### What the exercise asks
Of the lines listed below, return exactly those that run from the line containing "Background Generative AI" through the line containing "Внутреннее строение территориально–общественных", both included.

### Dataset extract
+--

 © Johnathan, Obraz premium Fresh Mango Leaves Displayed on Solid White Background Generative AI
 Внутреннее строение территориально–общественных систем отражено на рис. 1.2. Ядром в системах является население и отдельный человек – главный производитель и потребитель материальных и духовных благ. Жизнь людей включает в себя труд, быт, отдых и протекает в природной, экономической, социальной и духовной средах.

+--

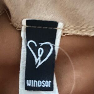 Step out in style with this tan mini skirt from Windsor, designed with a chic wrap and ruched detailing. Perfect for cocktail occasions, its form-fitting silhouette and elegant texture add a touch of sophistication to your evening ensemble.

+--

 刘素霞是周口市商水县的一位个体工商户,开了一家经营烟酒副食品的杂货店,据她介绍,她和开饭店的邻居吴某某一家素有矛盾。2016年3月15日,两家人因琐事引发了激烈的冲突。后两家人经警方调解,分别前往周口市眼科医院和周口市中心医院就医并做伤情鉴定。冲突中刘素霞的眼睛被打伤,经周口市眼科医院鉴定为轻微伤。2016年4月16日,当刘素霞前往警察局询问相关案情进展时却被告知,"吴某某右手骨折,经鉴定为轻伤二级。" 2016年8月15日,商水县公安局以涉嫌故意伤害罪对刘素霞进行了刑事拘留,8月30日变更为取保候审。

+--

### Result for this exercise
 © Johnathan, Obraz premium Fresh Mango Leaves Displayed on Solid White Background Generative AI
 Внутреннее строение территориально–общественных систем отражено на рис. 1.2. Ядром в системах является население и отдельный человек – главный производитель и потребитель материальных и духовных благ. Жизнь людей включает в себя труд, быт, отдых и протекает в природной, экономической, социальной и духовной средах.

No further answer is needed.